### Task description
Reproduce exactly the lines of this material that begin at the line with "发布时间:2024-11-25 来源:会务组 作者:会务组" and end at the line with "Ruffled printed denim midi dress", both included. Omit the pictures and everything else.
┌──
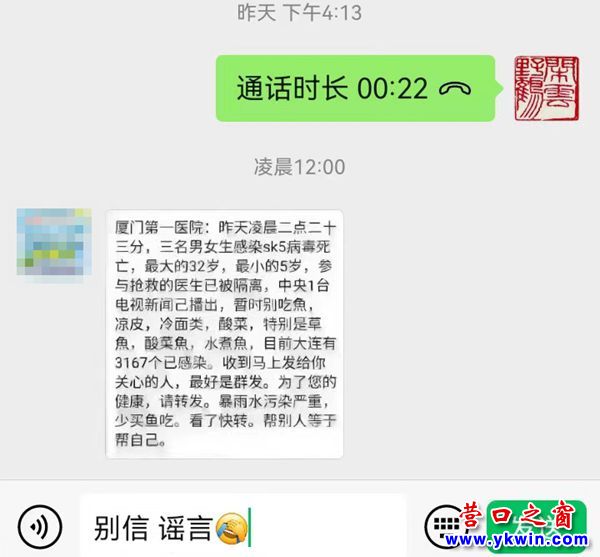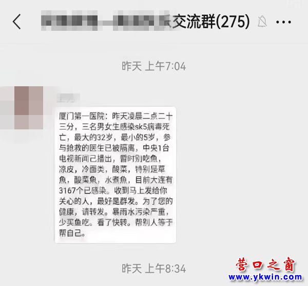 (營口之窗“百姓說事”)昨天,營口朋友圈、微信群瘋傳“廈門有人感染sk5病毒死亡”,稱“廈門第一醫(yī)院:昨天凌晨02:23分,三名男女生感染sk5病毒死亡,最大的32歲,最小的5歲,參與搶救的醫(yī)生已被隔離,中央一臺電視新聞已播出,暫時別吃魚、涼皮、冷面類、酸菜,特別是草魚,酸菜魚、水煮魚,目前大連有3167個已感染,收到馬上發(fā)給你關(guān)心的人,最好是群發(fā)。為了您的健康,請轉(zhuǎn)發(fā)。暴雨水污染嚴(yán)重,少買魚吃。看了快轉(zhuǎn)。幫別人等于幫自己”。乍看確實(shí)挺嚇人,但是這條消息是真的嗎?
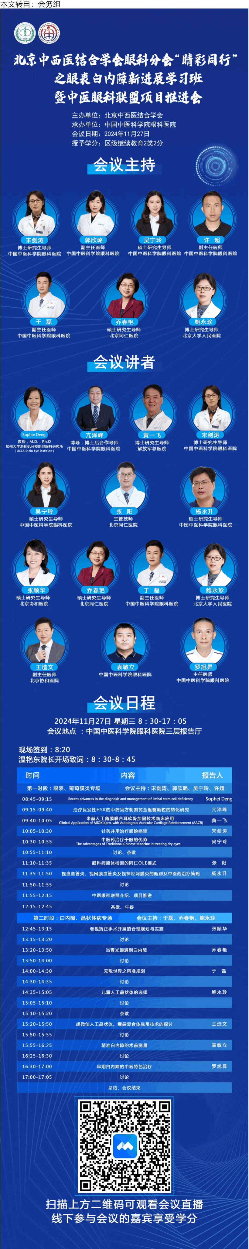 11.27北京 | 北京中西医结合学会眼科分会“睛彩同行”之眼表白内障新进展学习班暨中医眼科联盟项目推进会(线上+线下)---2024.11.25 发布时间:2024-11-25 来源:会务组 作者:会务组
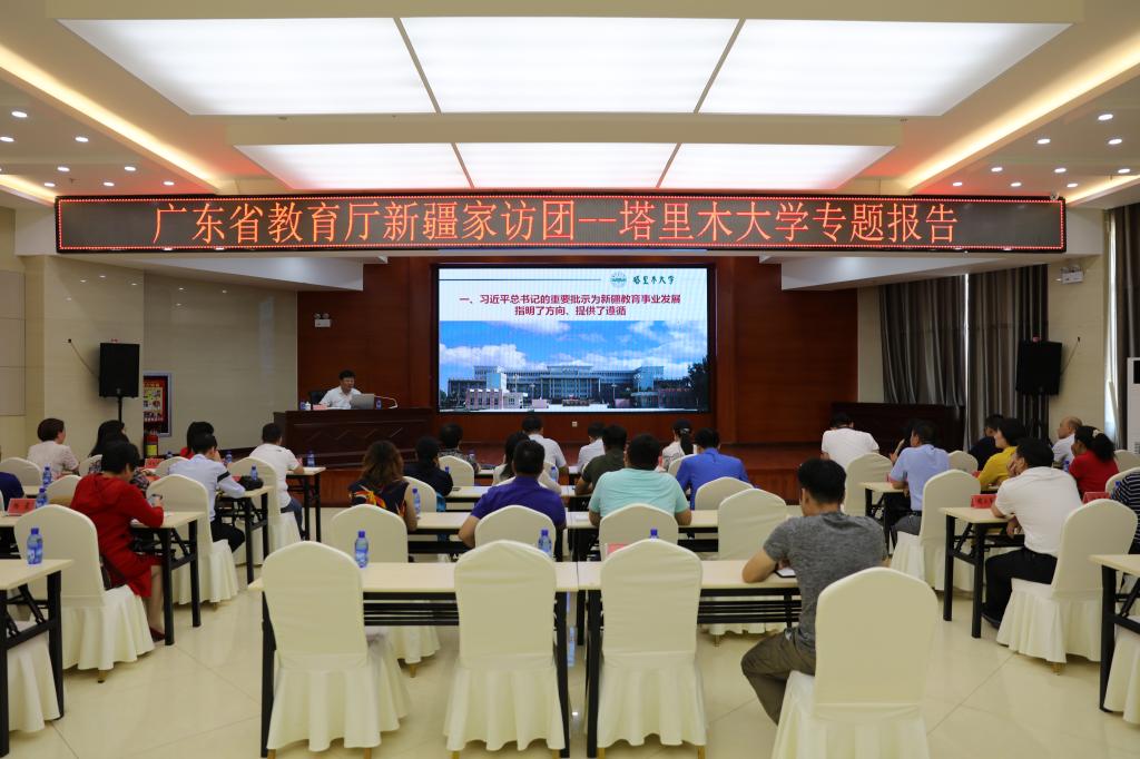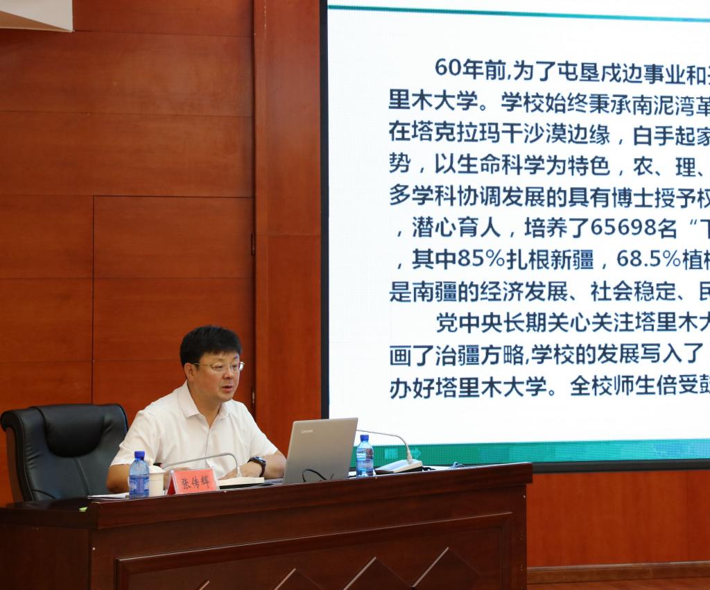 7月20日,广东省教育厅新疆家访团39人来校调研。20日下午,开云app体育网页登录不上 党委副书记、校长张传辉,在南疆双语培训中心二楼报告厅,为广东省教育厅新疆家访团,作了《用胡杨精神育人,为兴疆固边服务》的专题报告。
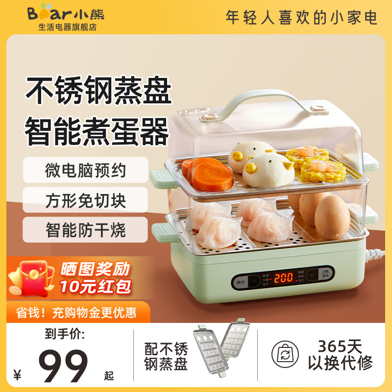 小熊煮蛋器自动断电双层蒸蛋器预约定时家用小型鸡蛋羹神器早餐机
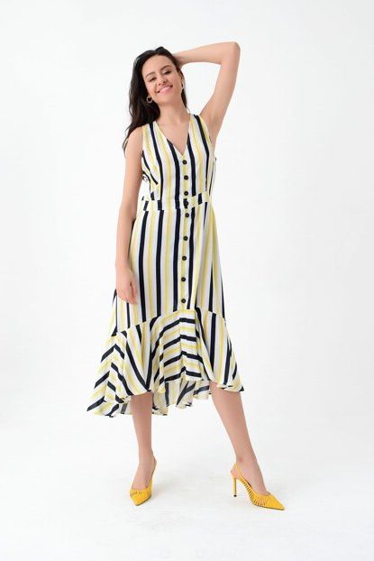 Hanna\u0027s Kadın Dikey Çizgili Kolsuz Eteği Volanlı Düğmeli ... ürününü indirimli fiyatıyla trendyol.com sitesinden satın alabilirsiniz.
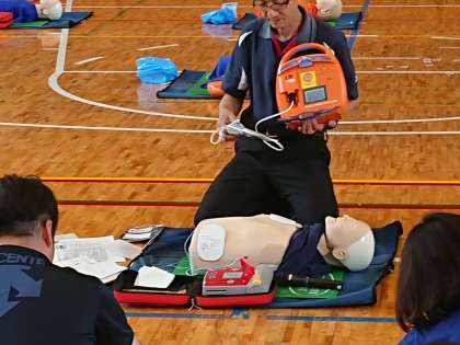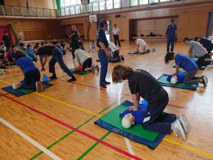水泳指導の時期を控えた6月1日の午後、池尻小学校の体育館を会場にして、三宿小、池尻小、中里小の3校合同で、全教員対象の救急救命講習会が行われました。
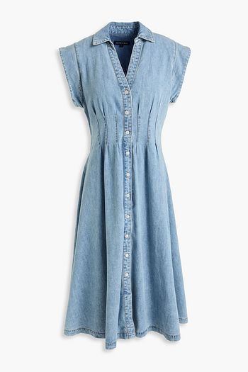 Ruffled printed denim midi dress
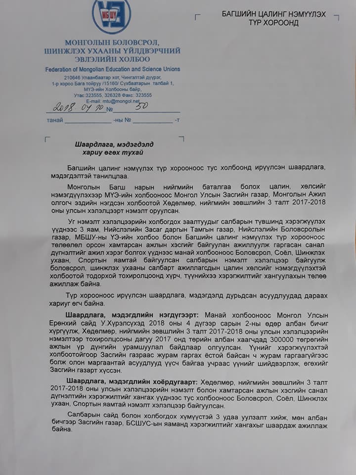Гуравдугаарт, Боловсролын салбарын чанарыг сайжруулахад төрөөс анхаарч, 2020 он гэхэд багшийн цалинг олон улсын жишгээр 3500 ам.доллартай дүйцэх хэмжээнд хүргэх тухай дурдсан шаардлага тавьсан хэдий ч асуудал шийдэгдээгүй нам жим өнгөрсөн юм. Харин энэ оны дөрөвдүгээр сарын 10-ны өдөр МБШУҮЭ-ээс шаардлагын хариуг илгээсэн бөгөөд тус хариундаа "Шаардлага мэдэгдлийн нэгдүгээрт: Манай холбооноос Монгол Улсын Ерөнхий сайд У.Хүрэлсүхэд 2018 оны 4 дүгээр сарын 2-ны өдөр албан бичиг хүргүүлж, Хөдөлмөр, нийгмийн зөвшлийн 3 талт 2017-2018 оны улсын хэлэлцээрийн нэмэлтээр тохиролцсоны дагуу 2017 онд төрийн албан хаагчдад 300.000 төгрөгийн ажлын үр дүнгийн урамшуулал байдлаар олгуулсан. Үүнийг хэрэгжүүлэхтэй холбоотойгоор Засгийн газраас журам гаргах ёстой байсан ч журам гаргаагүйгээс болж олон маргаантай асуудлууд үүсч байгаа учраас үүнийг шийдвэрлэж өгөхийг Засгийн газарт хүссэн " гэсэн аж. Иймд тэмцлийн эцсийн шат бүхий хугацаагүй ажил хаялт зарлахаа "Багшийн цалин нэмэгдүүлэх түр хороо"-оос албан ёсоор мэдэгдээд байгаа юм.
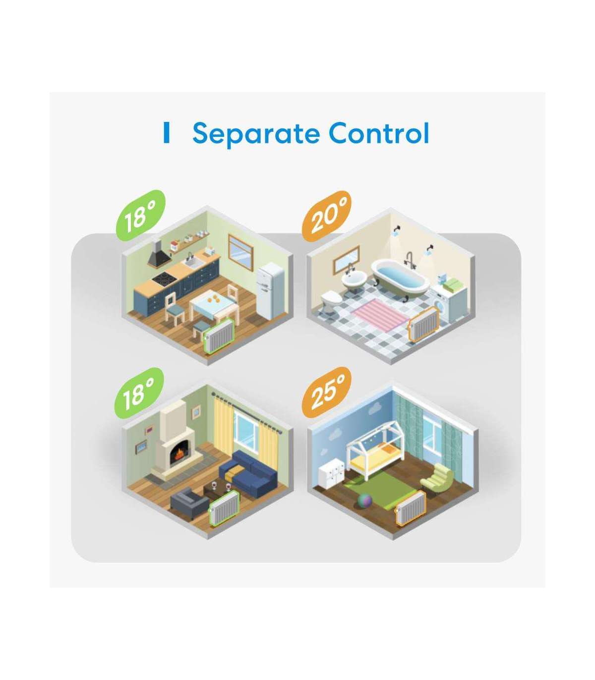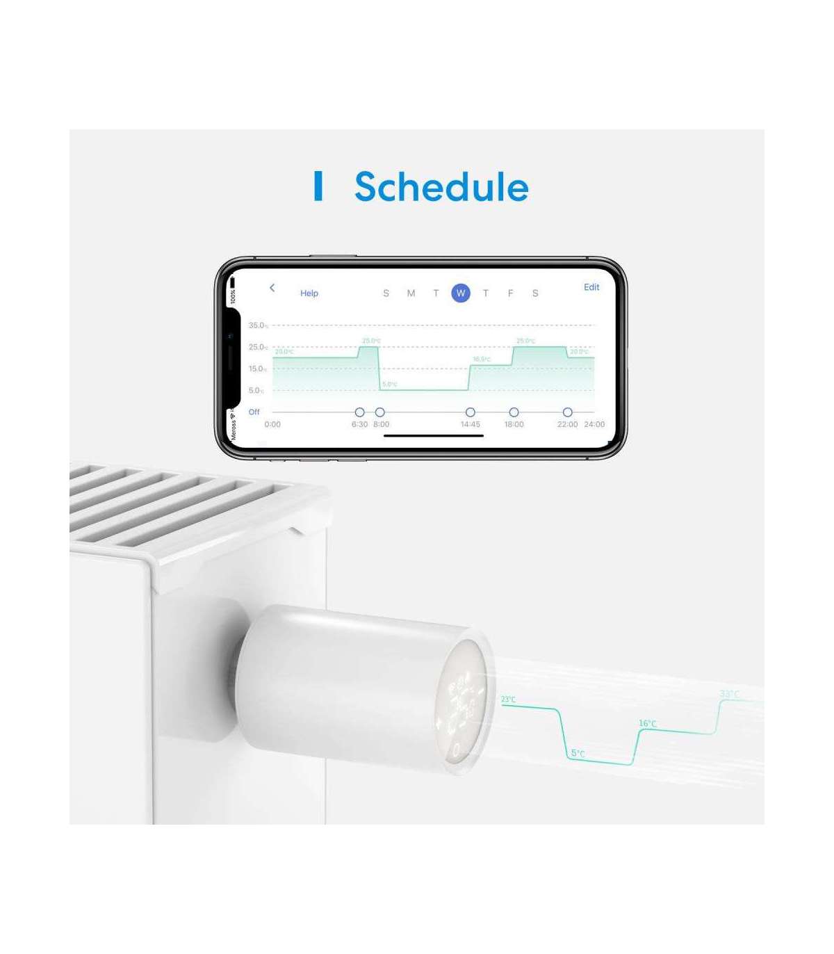 •Save your heating cost with the smart heating schedule. Never worry about arriving home with a cold room, or leaving the house with the radiator heating.
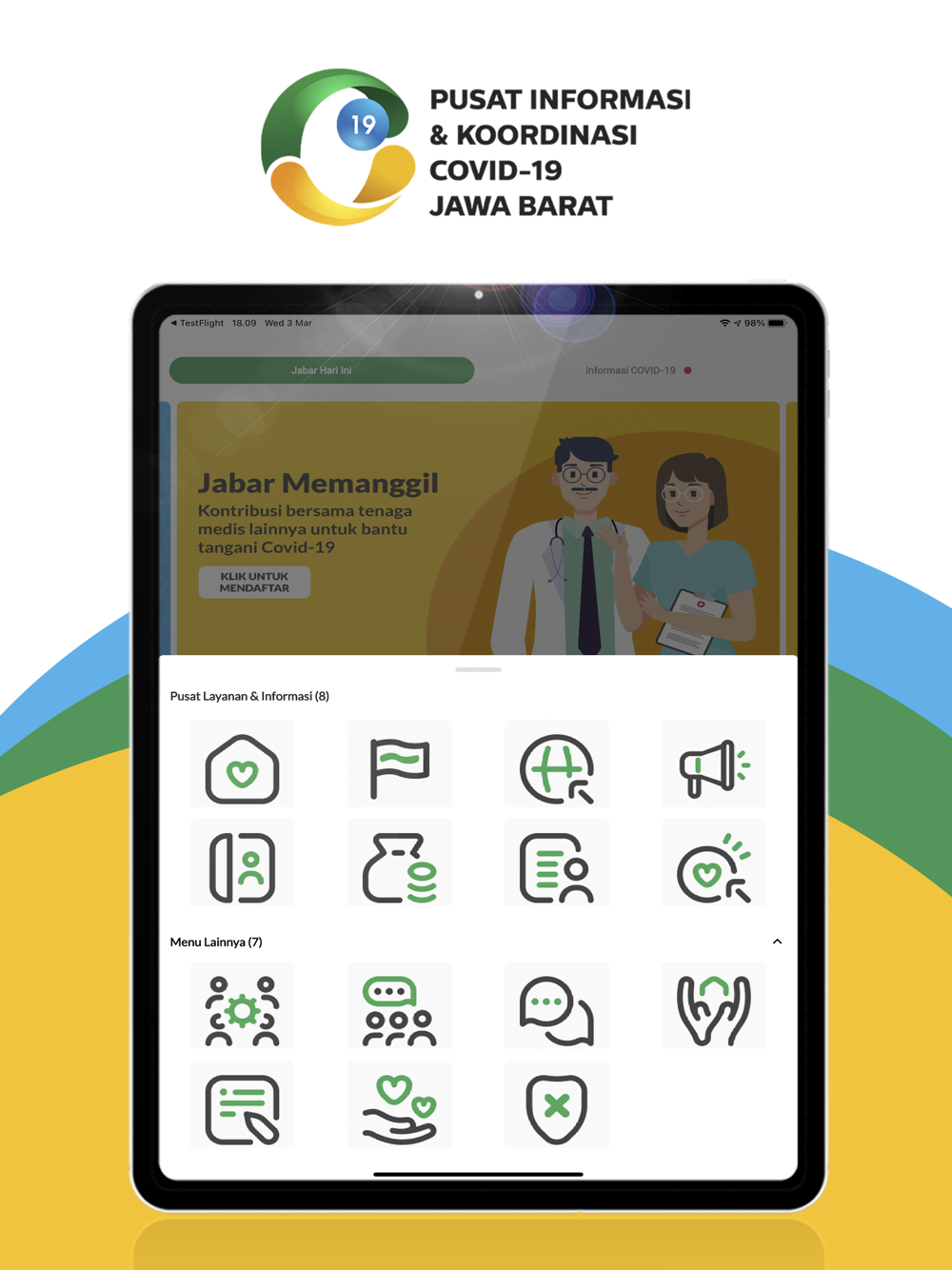 The Jabar Digital Service Team or the Digital Services, Data and Geospatial Information Technical Services Unit under the Communication and Information of the West Java Government developed these open-source app providing data and visualization that allows citizens to access the latest cases of the disease, submit requests for help, access emergency numbers, clarify misinformation, and so on.
└──
### Output below
 11.27北京 | 北京中西医结合学会眼科分会“睛彩同行”之眼表白内障新进展学习班暨中医眼科联盟项目推进会(线上+线下)---2024.11.25 发布时间:2024-11-25 来源:会务组 作者:会务组
 7月20日,广东省教育厅新疆家访团39人来校调研。20日下午,开云app体育网页登录不上 党委副书记、校长张传辉,在南疆双语培训中心二楼报告厅,为广东省教育厅新疆家访团,作了《用胡杨精神育人,为兴疆固边服务》的专题报告。
 小熊煮蛋器自动断电双层蒸蛋器预约定时家用小型鸡蛋羹神器早餐机
 Hanna\u0027s Kadın Dikey Çizgili Kolsuz Eteği Volanlı Düğmeli ... ürününü indirimli fiyatıyla trendyol.com sitesinden satın alabilirsiniz.
水泳指導の時期を控えた6月1日の午後、池尻小学校の体育館を会場にして、三宿小、池尻小、中里小の3校合同で、全教員対象の救急救命講習会が行われました。
 Ruffled printed denim midi dress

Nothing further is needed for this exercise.